By Shivaji Sarkar
Galloping inflation needs to be immediately checked. It hurts the government more than the common man, creating a cycle that hits everyone and adding further to the inflation. Retail inflation touches 7.79 per cent, the highest since September 2014 and the wholesale index remains over 14 per cent. It has made food inflation go beyond tolerable limits and so too the travel and transportation expenses.
The policies need scrutiny as the subsidy regime is reversed by high taxes on fuel, road sector and commodities through various instruments such as GST, excise duties, VAT, road, agriculture and other cesses, toll and consequent rise in prices. The policy makers blame it on international factors like the Ukraine war but are unable to explain how it causes severe rise in vegetable prices, home grown wheat flour and myriad such products. Pulses rise by17 percent.
The government itself is in a quandary on the prices and needs to discuss issues that can bring down its bill on expenditure and cost of investments. That is possible through moderation of prices. On an average it has gone beyond the Reserve Bank of India tolerance limit reset at 6 per cent. Rapid, sustained inflation harms families by wiping out their wage gains and eroding savings. It also rocks consumer confidence, and businesses.
The rupee falling against the dollar is yet another cause for concern. It virtually imports inflation, and this is difficult to contain unless domestic steps raise the purchasing power of the rupee.

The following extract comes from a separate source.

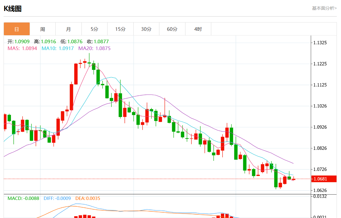 周三欧市盘中,欧元/美元最新报1.0688,日图涨0.08%. 今日分析:在1.0700下方做空头寸,目标在1.0670和1.0655延伸。 技术点评:RI显示出下行势头。 支撑位:1.07301.07151.0700 阻力位:1.06701.06551.0640 (亚汇网编辑:静香)

Instead that is being eroded, as the rupee touches Rs 77.34 to a dollar. It makes petrol, coal and essential imports expensive.
Freight rates on grand trunk routes have already shot up by an average 3-4 per cent month-on-month, according to the Indian Foundation of Transport Research & Training. The recurrent increase in the fuel prices singe into the margins of small and large transporters and will force them to pass on the hike to their customers. This in turn is set to make the prices of daily consumables and other goods dearer, impact consumption and slow the economic growth, the study says.
An Indonesian study finds that the increasing fuel prices have a devastating impact on the transportation sector. If we do not check this, the rising oil prices would cause a slowdown. Two recessions that occurred in the 1970s started the myth that oil prices can cause recessions. Of course, a small correction has been made to the monetary policy by a small raise in repo rates. As per RBI’s own calculations, almost every 5 per cent depreciation in the rupee adds about 10-15 bps to the inflation. The RBI move to check it also has a cost.
Transportation and input costs have hit even the largest Unilever. It is seen in reducing the size and quantity in each of the small packs. A 10-rupee dish cleaner now has 135 grams compared to 155 grams three months ago or so. A Haldiram aloo bhujia now has 42 grams against 55 grams. Dabur has reduced grammage. Britannia has passed on 65 per cent of incremental input costs all through 2021-22. Every category has had inflationary headwinds, says Sanjay Singhal, of ITC’s dairy and beverages unit. The manufacturers are hit by a cycle of rises from petroleum, toll, transport to edible oil and other input costs. They transfer it to the consumers, who respond by a further stickier consumption.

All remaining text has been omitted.